Re: script to compare dates

2009-08-18 Thread Mihir Kamdar
i am sorry Steve...actually I miswrote DateTime instead of DateManip...

i saw your code using DateTime but I before I posted this, I was trying
using DateManip...but while testing the code, I found out that DateManip is
not installed...

i tried executing your code as well but even DateTime is not installed in my
Linux box..

while trying to install both DateTime and DateManip in my machine, it is
giving some network error..."Url not found..."

need to figure out a way to install them..

On Tue, Aug 18, 2009 at 11:22 PM, Steve Bertrand  wrote:

> Mihir Kamdar wrote:
> > thanks all.and how will be the code like for my requirement if i use
> > DateTime...
>
> I truly thought that you might have attempted to try the complete
> cut/paste-able program I wrote and made slight changes to fit your
> "requirement". Even if not, at least testing it would have been nice.
>
> The code I gave you earlier is put verbatim below, with additional
> functions.
>
>
>
> #!/usr/bin/perl
>
> use strict;
> use warnings;
>
> use DateTime::Format::Strptime;
>
> my $EXTRACTION_LAYOUT = '@16 A1 @40 A9';
>
> VOUCHER_RECORD:
>
> while ( my $record =  ) {
>
>my ( $important_num, $date_string )
>= unpack $EXTRACTION_LAYOUT, $record;
>
>next VOUCHER_RECORD if $important_num != 2;
>
>my $static_date = DateTime->new(
>year => 2009,
>month => 3,
>day => 31
>);
>
>
># turn the extracted date string into a DateTime object
>
>my $date_formatter
>= new DateTime::Format::Strptime( pattern => '%d-%b-%y' );
>
>my $voucher_date
>= $date_formatter->parse_datetime($date_string);
>
>
># compare the DateTime compiled dates
>
>if ( DateTime->compare( $static_date, $voucher_date )) {
>
># - put your record/store functions code in this space.
># - depending on what you want to do, these comments
>#   are within the code block that ensures that your 2nd
>#   field is equal to '2', and that the 5th field is less
>#   than Mar 31, 2009
>
># - depending on how you want to "store" the information,
>#   I might suggest http://perldoc.perl.org/Storable.html
>}
> }
>
> __END__
>
> Please at least copy/paste my code and try it if you've been able to
> install DateTime.

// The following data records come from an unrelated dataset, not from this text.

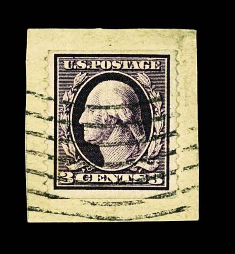 628 O 389 image#389, 3c Deep violet, Ty. I, "Orangeburg Coil", perf. 12 vert., extraordinarily well centered for this difficult stamp, possessing large and rather well balanced margins, characteristic deep violet shade, tied to small piece by the usual wavy line machine postmark, completely free of any of the faults so often associated with the majority of known examples, extremely fine for this. The "Orangeburg" coil was issued in 1911, in very limited quantities, specifically for use by the Bell Pharmaceutical Co. to mail their samples to doctors. The stamp offered here is still on a small piece of the original mailing envelope which contained just such a sample. Any example of the Three Cent "Orangeburg" coil is a major rarity. However, to find one fault free is an especially difficult challenge, as many were slightly damaged due to the contents of the envelope being a bit bulky, often resulting in creases. The ultimate challenge is to find an example that is not only fault free, but possesses choice centering as well. Such is the case with the example offered here, being one of a very few known examples that is both sound and can boast exceptional centering. Accompanied by a 1954 letter of authenticity from Stanley Gibbons, as well as a 1988 PF certificate: ex-Stollnitz. (Image) for fine 11,500.00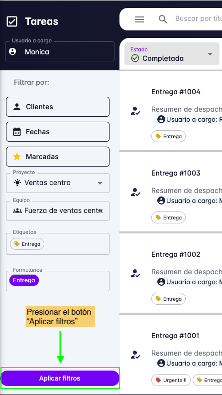 Coloca los filtros que desees y luego presiona el botón "Aplicar filtros".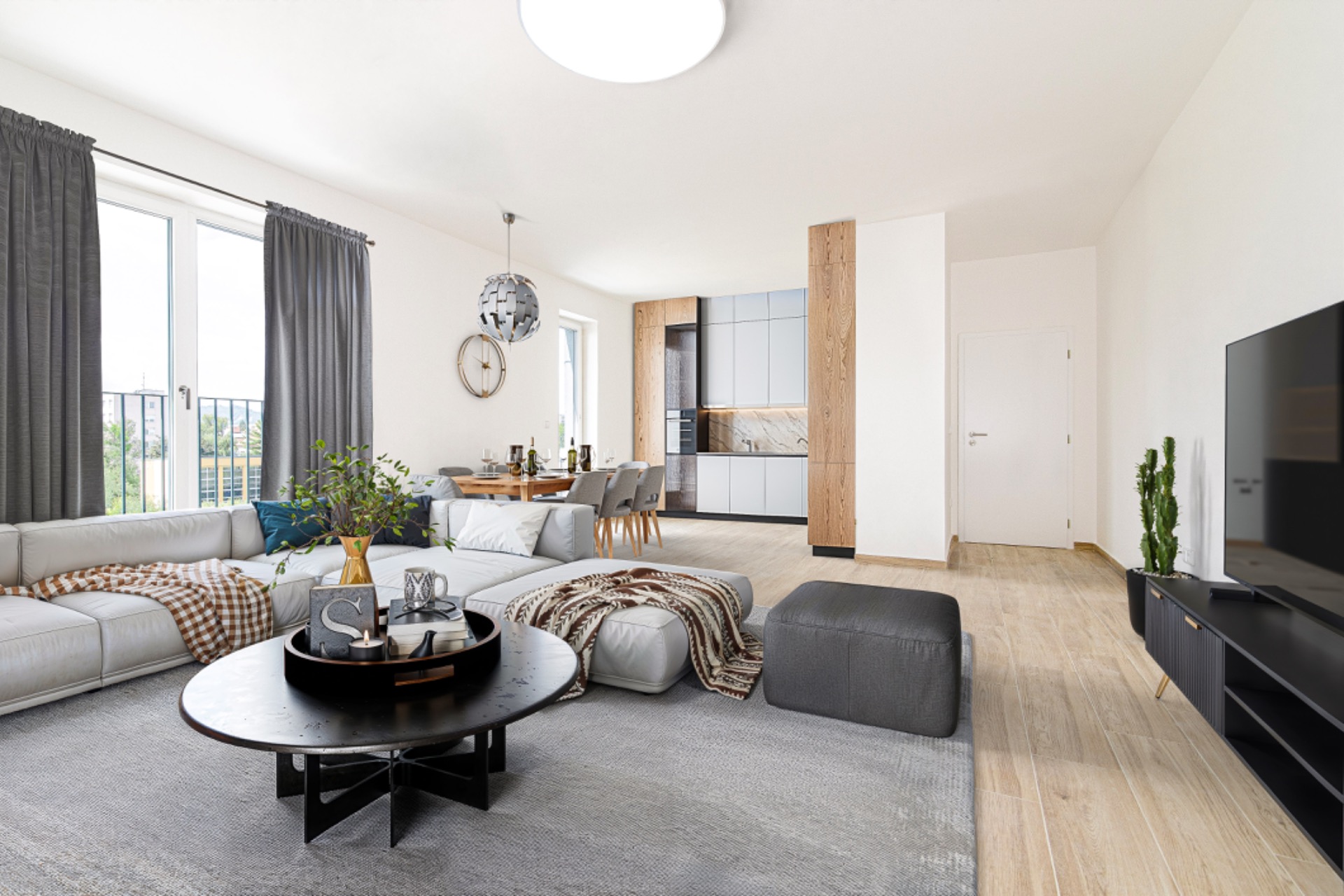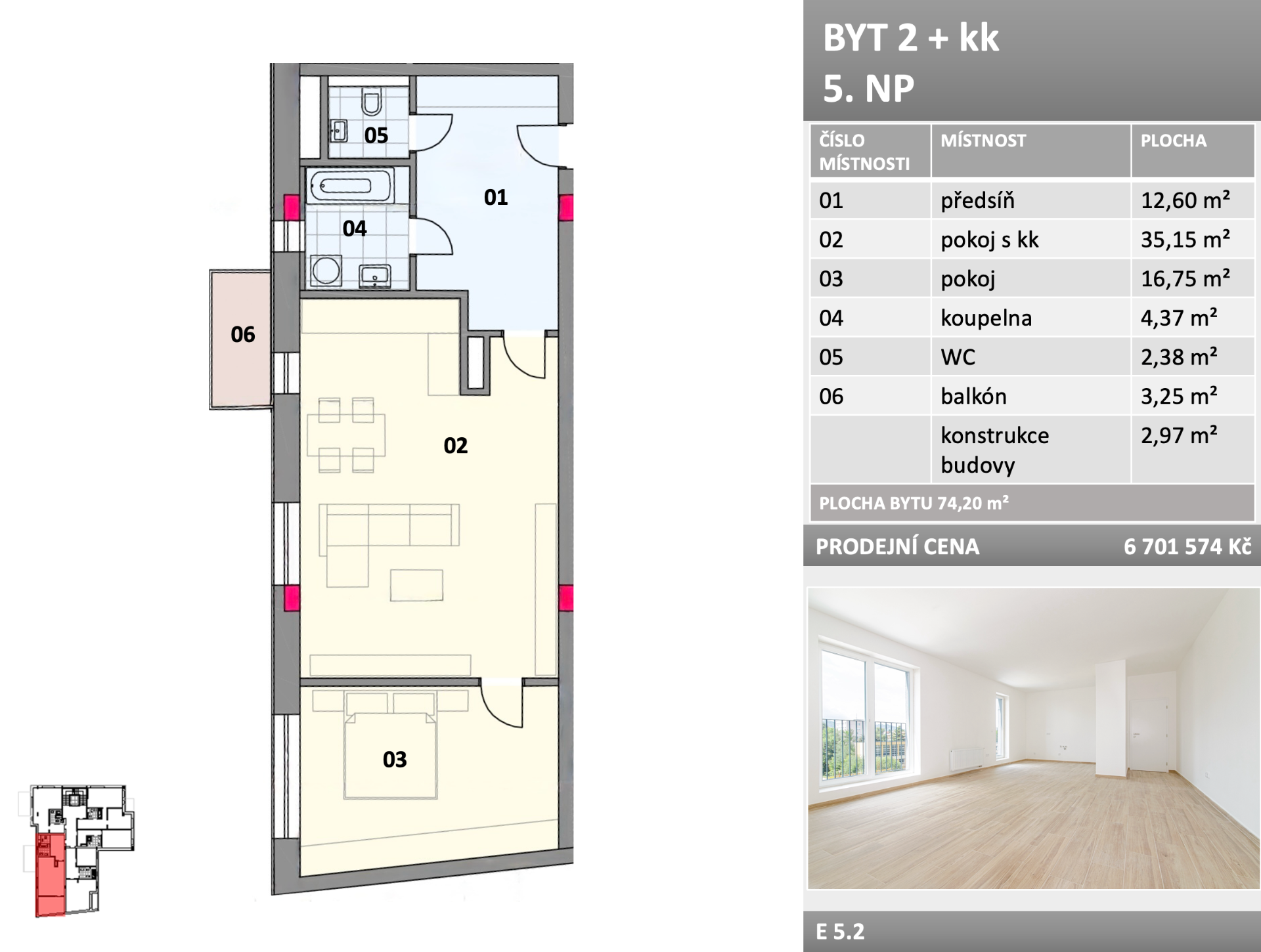 Tato prostorná a vzdušná bytová jednotka o ploše 74,2 m² se nachází v 5. nadzemním podlaží v sekci E, která je postavena jako první etapa projektu. K bytu náleží balkón, který poskytuje příjemný venkovní prostor pro odpočinek.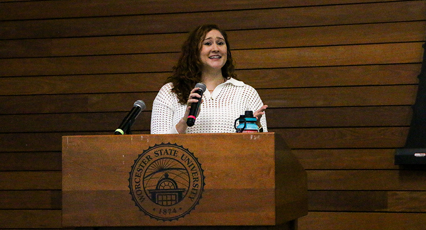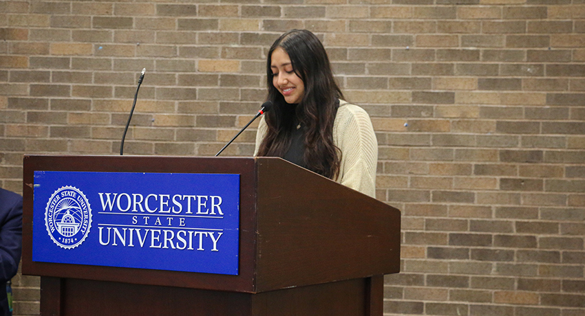 “When I graduated high school, I didn’t feel hopeful about the future,” Diaz said. “My grades were low and I was unmotivated, and I felt like I had already failed.” But with the support of her family and the opportunities provided by Worcester State, she found her footing and discovered a sense of purpose. She specifically mentioned the encouragement she received from the Alternatives for Individual Development (AID) program, an alternative admissions program offering support to students to help ensure their success.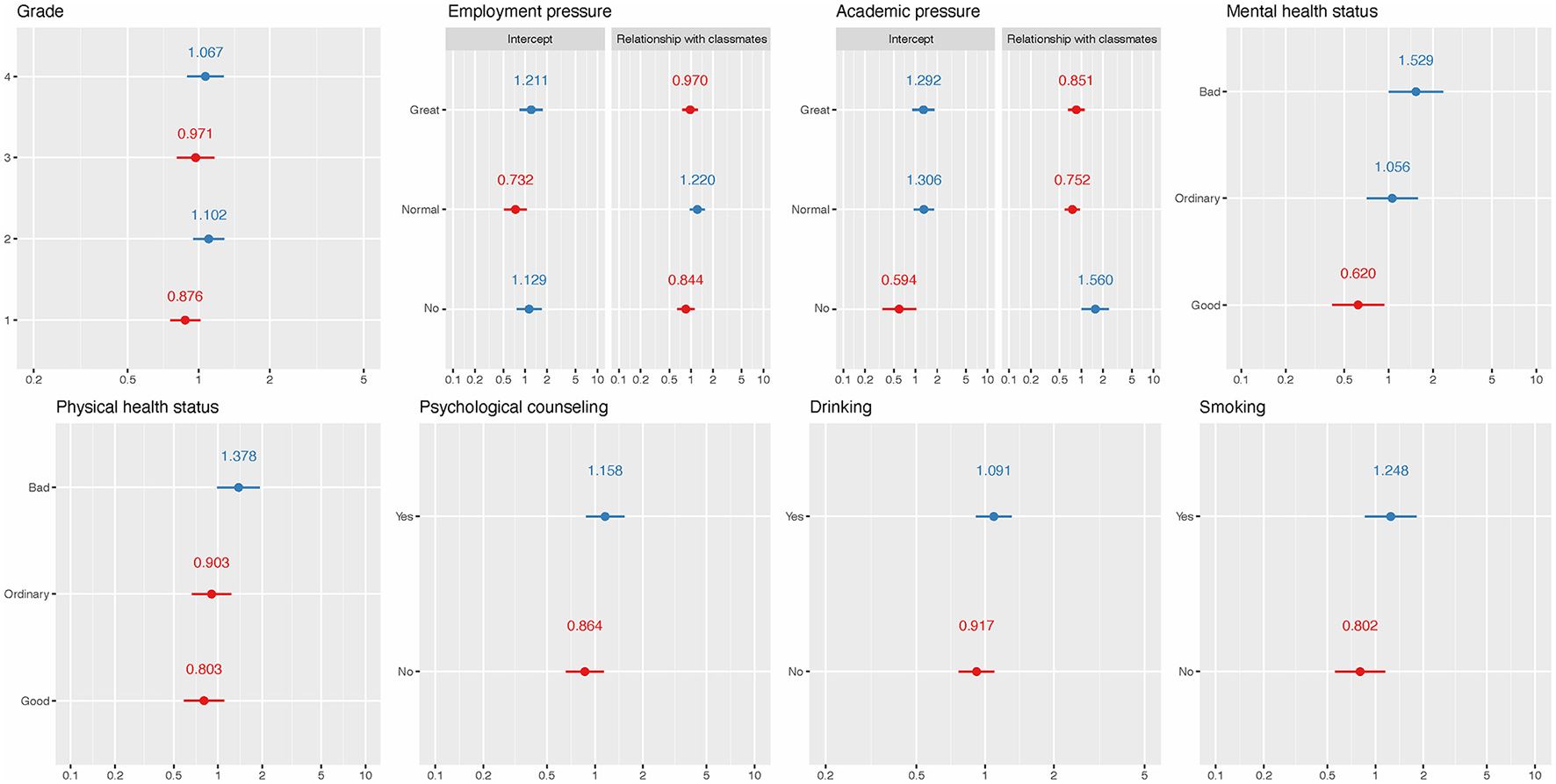 Some studies have shown that sleep quality among Chinese undergraduates was a result of various factors. A cross-sectional study reported a few risk factors such as poor academic performance, interpersonal relationship, skipping breakfast, and higher grades (Wang et al., 2016). Another study found that being a freshman, alcohol use, gambling, exercising for more than 30 min a week on <1 day, satisfaction with parental love, and harmonious relationship with classmates were risk factors, while no learning pressure, never having self-injurious behaviors, and harmonious family relationship were protective factors (Li Y. et al., 2020). A gender-specific study in China identified some risk factors for poor sleep quality that were related to weak physical condition and smoking in males, while noisy dormitory, skipping breakfast, drinking coffee, playing games, bad physical condition, and severe academic stress led to poor sleep quality in females (Zhou et al., 2022). A cluster randomized-controlled trial in China showed that good dormitory sleep environments could maintain good sleep quality (Li et al., 2022). In addition, the use of electronic products was also related to poor sleep quality (Demirci et al., 2015; Li L. et al., 2020). For example, using mobile phones, computers, and other electronic products at night could affect the regulation of the sleep clock, prolong the time to fall asleep, and shorten sleep time. Besides, there is a significant amount of similar research evaluating related factors for sleep quality (Nyer et al., 2013; Bi et al., 2022; Peltz and Rogge, 2022; Xian et al., 2022). In summary, these factors that are associated with undergraduates' sleep quality can be classified into the following categories: demographics, personal lifestyle, family support, social support, dormitory environment, physical health, and mental health.

Use the example in my earlier post, as it also
> contains the data which is properly formatted.
>
> To be bluntly honest, I'm quite proud of my tiny code snip. I had to
> research/try the patterns for DateTime to get them right, and counted
> with my finger to position the layout properly.
>
> ...I am completely flabbergasted with your response.
>
> See kids, the post I am responding to is not proper list etiquette!
>
> Steve
>


Re: script to compare dates

2009-08-18 Thread Steve Bertrand
Mihir Kamdar wrote:
> i am sorry Steve...actually I miswrote DateTime instead of DateManip...
>  
> i saw your code using DateTime but I before I posted this, I was trying
> using DateManip...but while testing the code, I found out that DateManip
> is not installed...
>  
> i tried executing your code as well but even DateTime is not installed
> in my Linux box..
>  
> while trying to install both DateTime and DateManip in my machine, it is
> giving some network error..."Url not found..."
>  
> need to figure out a way to install them..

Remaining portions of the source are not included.